January Newsletter Article
We’re all familiar with the practice of New Year’s resolutions where we try to identify the habits that could improve our lives: exercise more, eat healthier food, stick to our budget, stay organized, etc. I know many people who make these sorts of resolutions. But the old trope is that it is hard to stick to these resolutions. Maybe we aim our resolutions too high or maybe we lack the willpower. But how often do we joke about our treadmill becoming a clothes rack, our healthy green smoothies giving way to donuts, our budget buckling under retail therapy or clutter reclaiming our space. Setbacks feel like failures and we look for reasons that we never really needed our New Year’s resolutions in the first place.
Recently someone approached me about the invitation to communion I started using here on Sundays. “This is the table of the Lord. It is made ready for those who love him and those who want to love him more. So come, you who have much faith and you who have little; you who have been here often and you who have never been before; you who have tried to follow Jesus and you who have failed. Come, for it is the Lord who invites you. And it is his will to meet you here.” This is not a prayer I wrote but one I first heard when visiting my parents at their church. And that priest found it in the prayer book for the religious community of Iona based out of Scotland. Everyone who’s said anything to me about this prayer has loved it so when this person approached me, I expected more of that praise.

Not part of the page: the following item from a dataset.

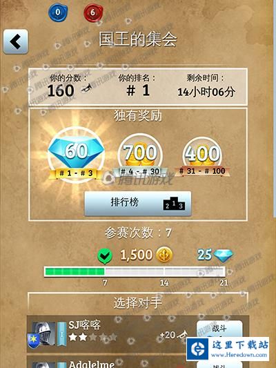 游戏共有三大模式:剧情模式、锦标赛模式、淘汰赛模式。剧情模式需要消耗皇家印章来推进,也就是体力设定了。剧情模式中有多种比赛,像普通的对决、有装备赞助的对决、要连胜三局的山丘之王赛、要求三局两胜的BOSS战等,玩法非常丰富。另一方面挑战赛需要消耗社交印章,挑战赛虽然是与其他玩家对战,但不是即时的。玩家们通过战胜对手攒积分去赢奖励。淘汰赛模式是最让人难理解的,八人制的淘汰赛需要10钻石的报名费,报名费将全部返还前三名的胜者。笔者参加了一次淘汰赛,进行一次冲锋之后,居然要24小时才能获得胜负判定……24小时候笔者被判负,也没有给出更多说明,这个淘汰赛非常坑爹,是游戏的一大败笔。

But I didn’t get more of that praise in this conversation. “Can we change it? I don’t like the part about failure. It’s a little harsh.” I felt conflicted. On one hand, I don’t like changing prayers written by people who know better than I do. The Scottish monastics who wrote these prayers were careful and deliberate in their word choice. On the other hand, she wasn’t wrong... it is harsh. Failing is harsh and being reminded of it right before I’m supposed to receive the sustenance for my Christian journey can feel like a bit of a put down.
I forget how exactly I responded in that conversation but I can write here with a little more thought how I want to respond. Let’s keep the prayer as it is. I think God tolerates failure a lot more than our culture does, and keeping the word ‘fail’ in that prayer might help us remember that. I want to keep ‘fail’ in our prayers because failing is a part of our human condition, not a sign that something is wrong with us. Every failure is a sign that we tried and that is what God is calling us to do: try and try again, and hopefully (maybe?) learn a lesson or two along the way. Divorce, bankruptcy, addiction, missed deadlines, diagnosis, etc. None of these lessen God’s embrace of us. God isn’t surprised when we fail; why should we be?

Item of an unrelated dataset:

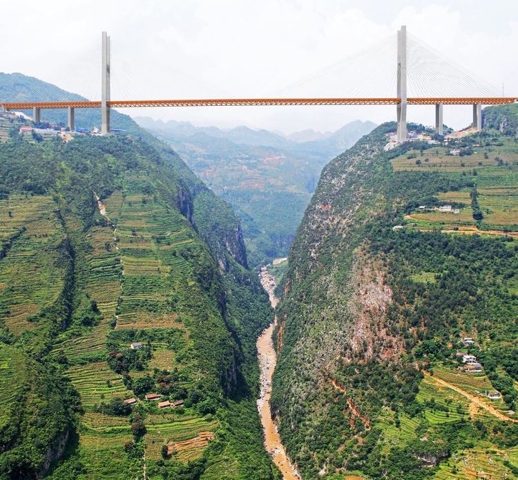世界上最高的桥梁在中国落成。这连接了云南省和光州省,因此他们之间的旅程缩短了多达三个小时。杜格有半公里多高。

If you made a New Year’s resolution this year, great. If you’ve already broken it, that’s great, too. But I hope throughout all of the year, we hold fast to the promise that there is nothing we could do to make God love us more and nothing we could do to make God love us less.
( I write about this conversation with permission. Never worry that a conversation with your priest will unexpectedly make it into publication.)